## Extracted data
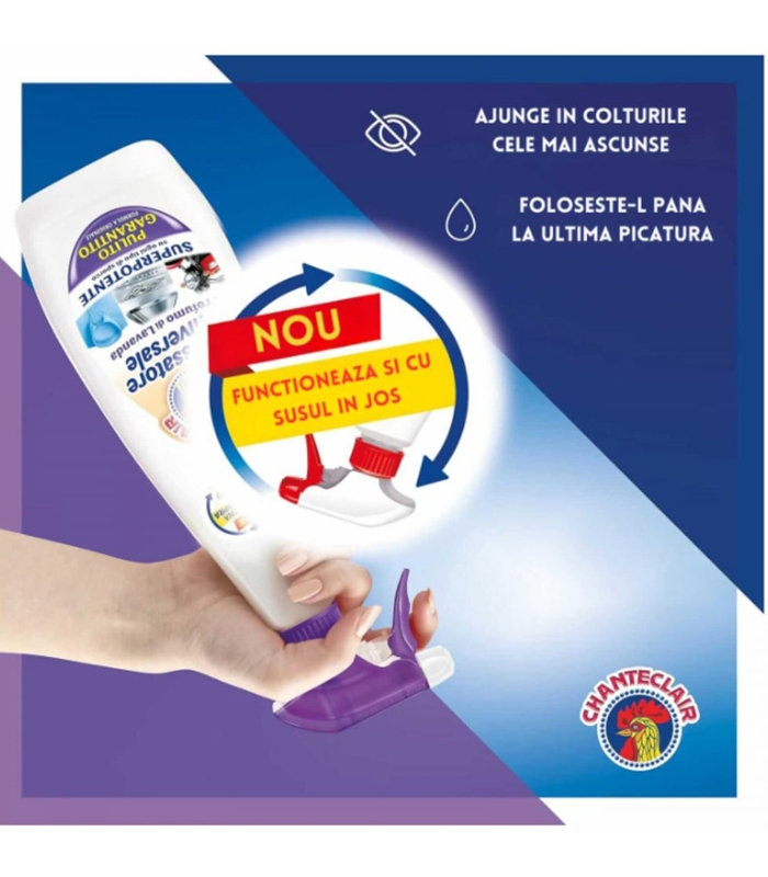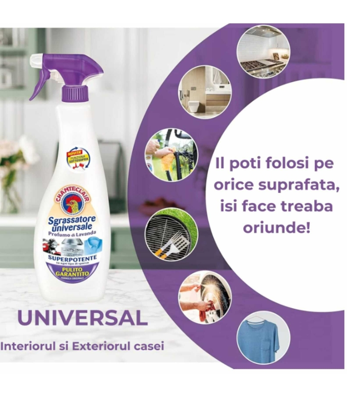 Solutie de curatare universala degresanta cu miros de lavanda, Chante Clair, eficienta impotriva tuturor tipurilor de murdarie persistenta si grasime de pe toate suprafetele din casa si pete de pe tesaturi!
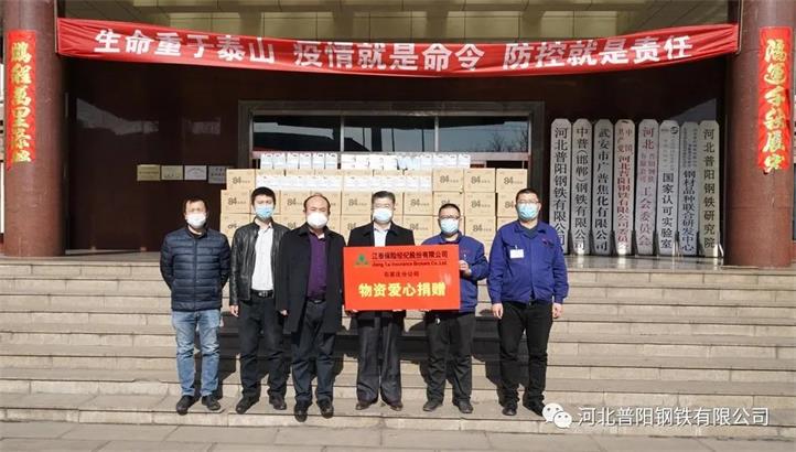 3月3日,江泰保險(xiǎn)經(jīng)紀(jì)股份有限公司石家莊分公司張彥平經(jīng)理一行代表江泰經(jīng)紀(jì)和保險(xiǎn)向集團(tuán)贈(zèng)送防疫用品(84消毒液70箱,醫(yī)用酒精24壺,口罩1000個(gè)),支持和幫助集團(tuán)做好疫情防控工作,安監(jiān)部申利波、保險(xiǎn)科李美洲熱情接待了張經(jīng)理一行,并對(duì)江泰的友好贈(zèng)送表示感謝。
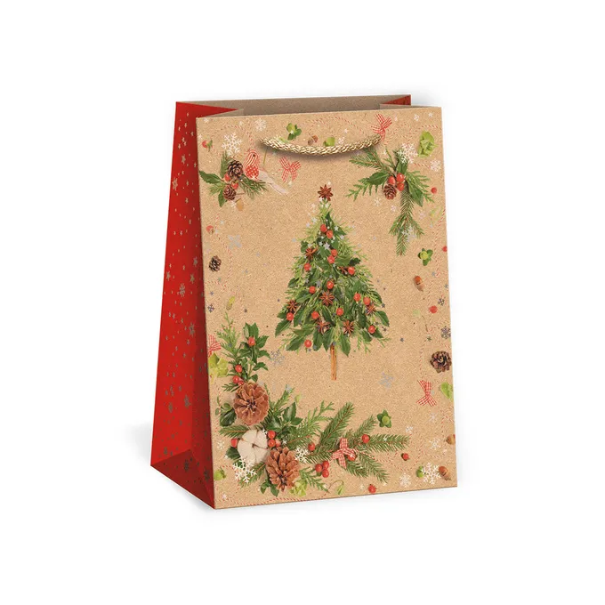 Vánoční papírová dárková taška NATUR s originálním designem.
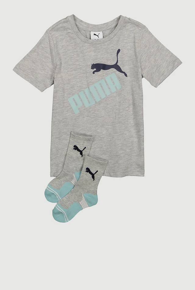 Little Boys Puma Marled Tee with Socks, Grey, Size 6
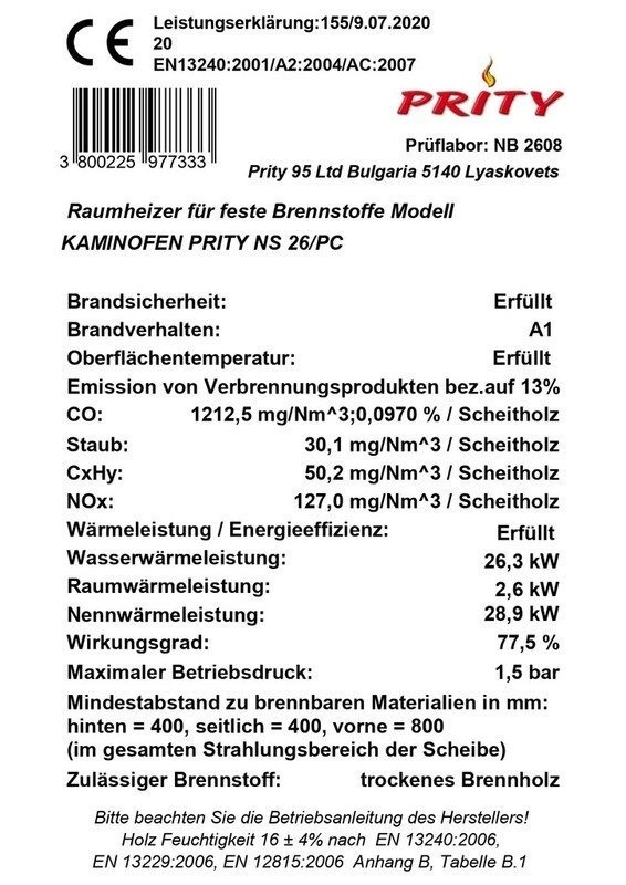 Der Prity NS26 ist ein leistungsstarker Holzvergaserofen mit integrierter Wassertasche, der effiziente Wärme und umweltfreundliche Technologie vereint. Mit einer Gesamtleistung von 28,9 kW (26,3 + 2,6 kW) eignet er sich ideal zur Beheizung großer Räume und ganzer Wohnbereiche.
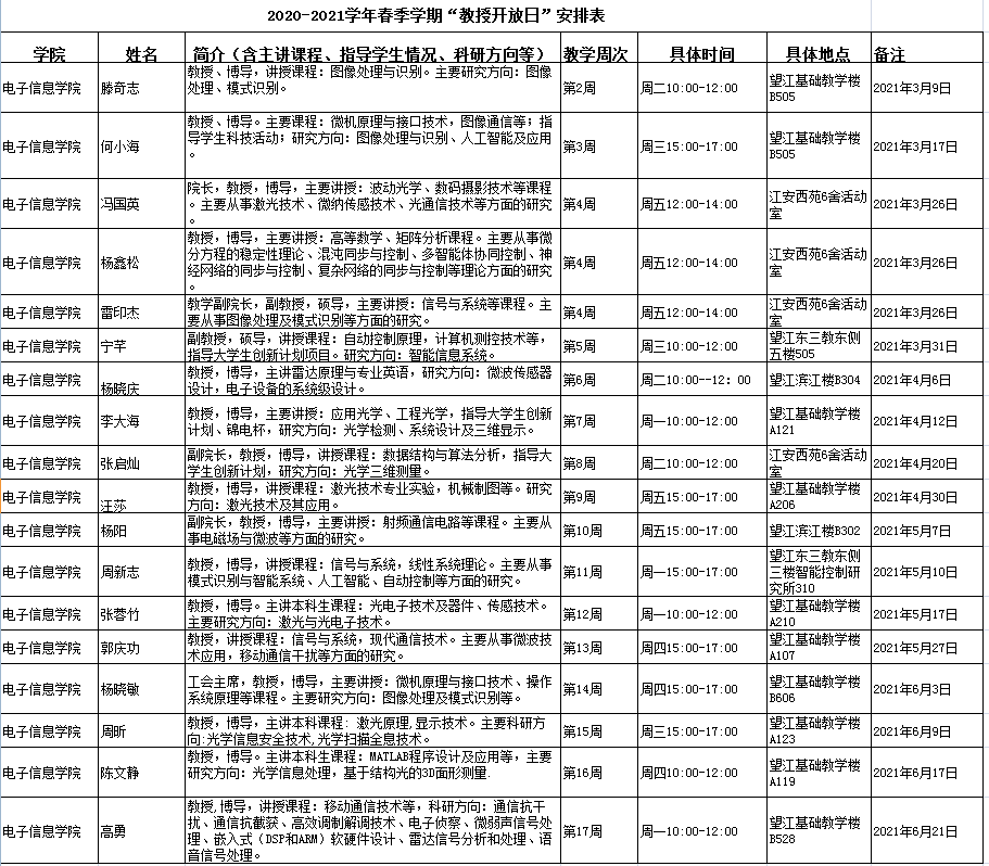 2020-2021学年春季学期“教授开放日”安排表
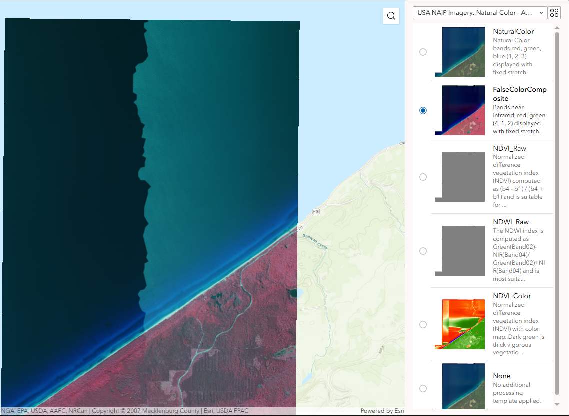 The Processing Templates widget applies raster function templates to imagery layers to automate analysis workflows. These reusable templates contain one or more chained raster functions and can be created in ArcGIS Pro or ArcGIS Online using the Raster Function Editor. The widget enables you to dynamically transform imagery displays, detect changes between images over time, or apply multiple raster functions in a single operation. For example, you can use the same template to measure terrain burn severity each time new images are collected after forest fires, eliminating the need to recreate the process.
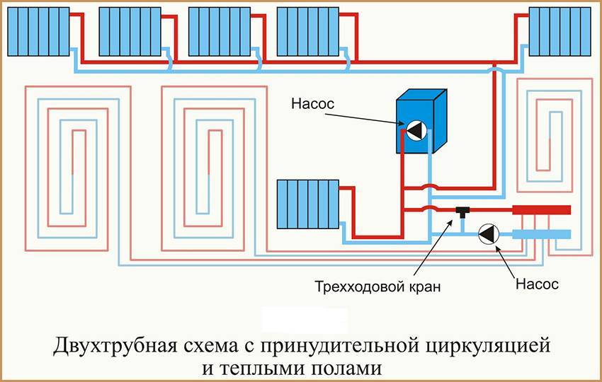 Даже двухтрубные схемы не откажутся от принудительной циркуляции – это обеспечит более быстрое наступление тепла по всему дому. Да и множество батарей без насоса малоэффективны.
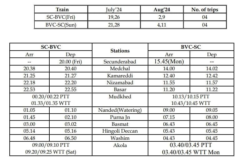 मार्ग में सेवाग्राम, चंद्रपुर, बल्हारशाह, रामागुण्डम एवं काजीपेट स्टेशनोंपर ठहराव लेंगी।

## Aim of the exercise
The reply should consist of the listing restated word for word, with its pictures removed.

## Response to this task
 Solutie de curatare universala degresanta cu miros de lavanda, Chante Clair, eficienta impotriva tuturor tipurilor de murdarie persistenta si grasime de pe toate suprafetele din casa si pete de pe tesaturi!
 3月3日,江泰保險(xiǎn)經(jīng)紀(jì)股份有限公司石家莊分公司張彥平經(jīng)理一行代表江泰經(jīng)紀(jì)和保險(xiǎn)向集團(tuán)贈(zèng)送防疫用品(84消毒液70箱,醫(yī)用酒精24壺,口罩1000個(gè)),支持和幫助集團(tuán)做好疫情防控工作,安監(jiān)部申利波、保險(xiǎn)科李美洲熱情接待了張經(jīng)理一行,并對(duì)江泰的友好贈(zèng)送表示感謝。
 Vánoční papírová dárková taška NATUR s originálním designem.
 Little Boys Puma Marled Tee with Socks, Grey, Size 6
 Der Prity NS26 ist ein leistungsstarker Holzvergaserofen mit integrierter Wassertasche, der effiziente Wärme und umweltfreundliche Technologie vereint. Mit einer Gesamtleistung von 28,9 kW (26,3 + 2,6 kW) eignet er sich ideal zur Beheizung großer Räume und ganzer Wohnbereiche.
 2020-2021学年春季学期“教授开放日”安排表
 The Processing Templates widget applies raster function templates to imagery layers to automate analysis workflows. These reusable templates contain one or more chained raster functions and can be created in ArcGIS Pro or ArcGIS Online using the Raster Function Editor. The widget enables you to dynamically transform imagery displays, detect changes between images over time, or apply multiple raster functions in a single operation. For example, you can use the same template to measure terrain burn severity each time new images are collected after forest fires, eliminating the need to recreate the process.
 Даже двухтрубные схемы не откажутся от принудительной циркуляции – это обеспечит более быстрое наступление тепла по всему дому. Да и множество батарей без насоса малоэффективны.
 मार्ग में सेवाग्राम, चंद्रपुर, बल्हारशाह, रामागुण्डम एवं काजीपेट स्टेशनोंपर ठहराव लेंगी।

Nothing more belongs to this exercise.